Neurotrophic factors play important roles not only in the development of the nervous system, but also in maintenance of its function and plasticity. GDNF (Glial cell line-Derived Neurotrophic Factor) is essential for growth, development and plasticity of dopamine and motor neurons as well as other brain cell populations (Airaksinen, M. S. et al. 2002). In the brain, GDNF is released by both neurons and glia cells. Although the signaling mechanisms underlying the expression and release of GDNF are not fully mapped, the released GDNF exerts its function on the brain cells and neurocircuitry through a receptor complex, comprised of GFRα1 (GDNF Family Receptor α1) and receptor tyrosine kinase RET (Trupp, M. et al. 1997). On the basis of the trophic and repair effects GDNF has on neural cells, it was considered as a potential therapeutic agent for several neurological disorders. However, GDNF is a protein and thus not readily administered to the brain. Consequently, small molecule inducers of GDNF release are of interest as potential therapeutics, most notably in the context of Parkinson's disease and neuropathic pain. In the latter case, GDNF's effectiveness has been ascribed to the ability of GDNF signaling to reset the function of several sodium channel subunits (modified in response to injury) (Boucher, T. J. et al. 2000).

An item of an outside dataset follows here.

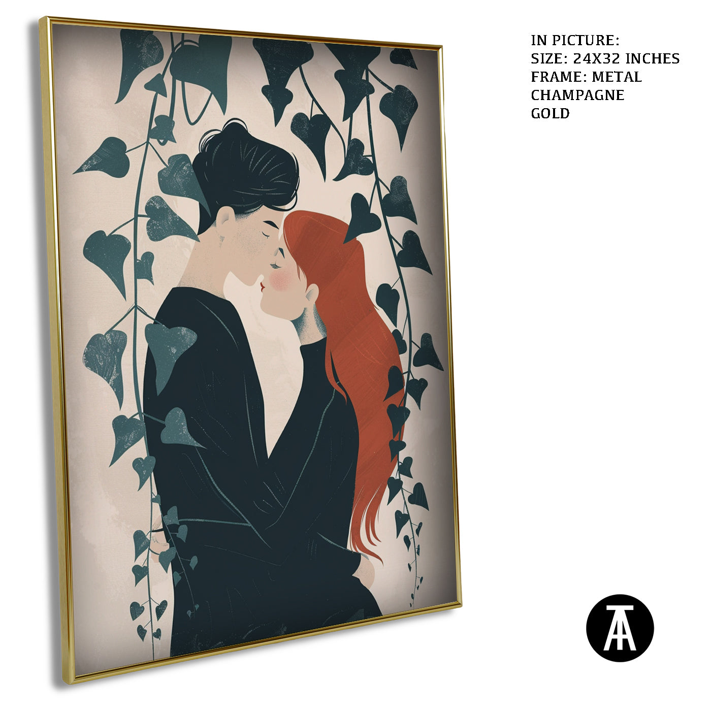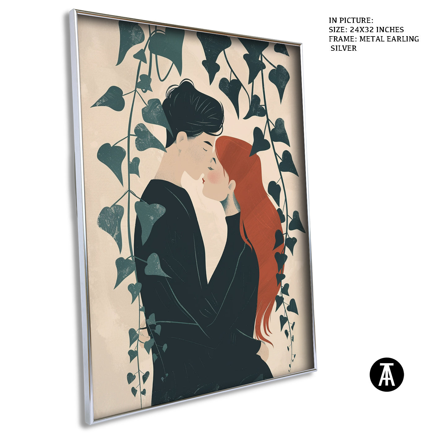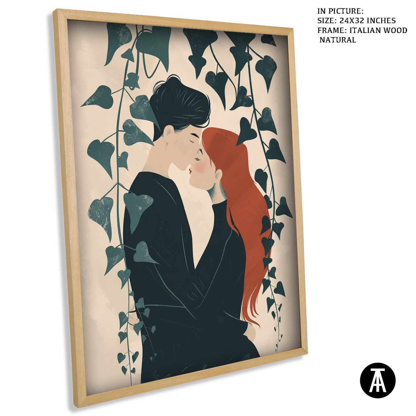 Transform your space with Kissing under the Ivy, a stunning art piece that captures a moment of romance amidst lush greenery. This bohemian painting is perfect for adding a touch of warmth to your home decor, making it an eye-catching addition to any wall. Elevate your wall art collection with this beautiful depiction of love and nature. Ideal for those who appreciate unique wall paintings that tell a story!

Recently, it has been shown that GDNF (Glial cell line-Derived Neurotrophic Factor) acts as a negative regulator of alcohol addiction in rodent behavioral models (Carnicella, S. et al. 2008) It has also been demonstrated that the small molecule agents, ibogaine and noribogaine, reduce self-administration and reinstatement of alcohol intake in rats and mice, and that this effect is dependent on the induction of GDNF in the VTA (Ventral Tegmental Area of midbrain) (He, D-Y. et al. 2005; Carnicella, S. et al. 2010). However, ibogaine is active at multiple CNS receptors, resulting in complex pharmacology and serious side effects. Therefore, compounds that act as selective GDNF inducers are desirable. In addition to alcohol, GDNF also counteracts behavioral and biochemical adaptations in mice chronically treated with cocaine and morphine (Messer, C. J. et al. 2000; Bolanos, C. A. et al. 2004). Therefore, the GDNF inducing compounds may also be effective against other substance use disorders (SUDs).
GDNF also plays an important role in cognition and the changes in GDNF levels have been associated with mood disorders and the treatment of depression (Takebayashi, M. et al. 2006). Consequently, GDNF inducers should be considered as potential therapeutics for depressive disorders.
Described herein is a new class of GDNF (Glial cell line-Derived Neurotrophic Factor) inducers based on the isoquinuclidine core (FIG. 1).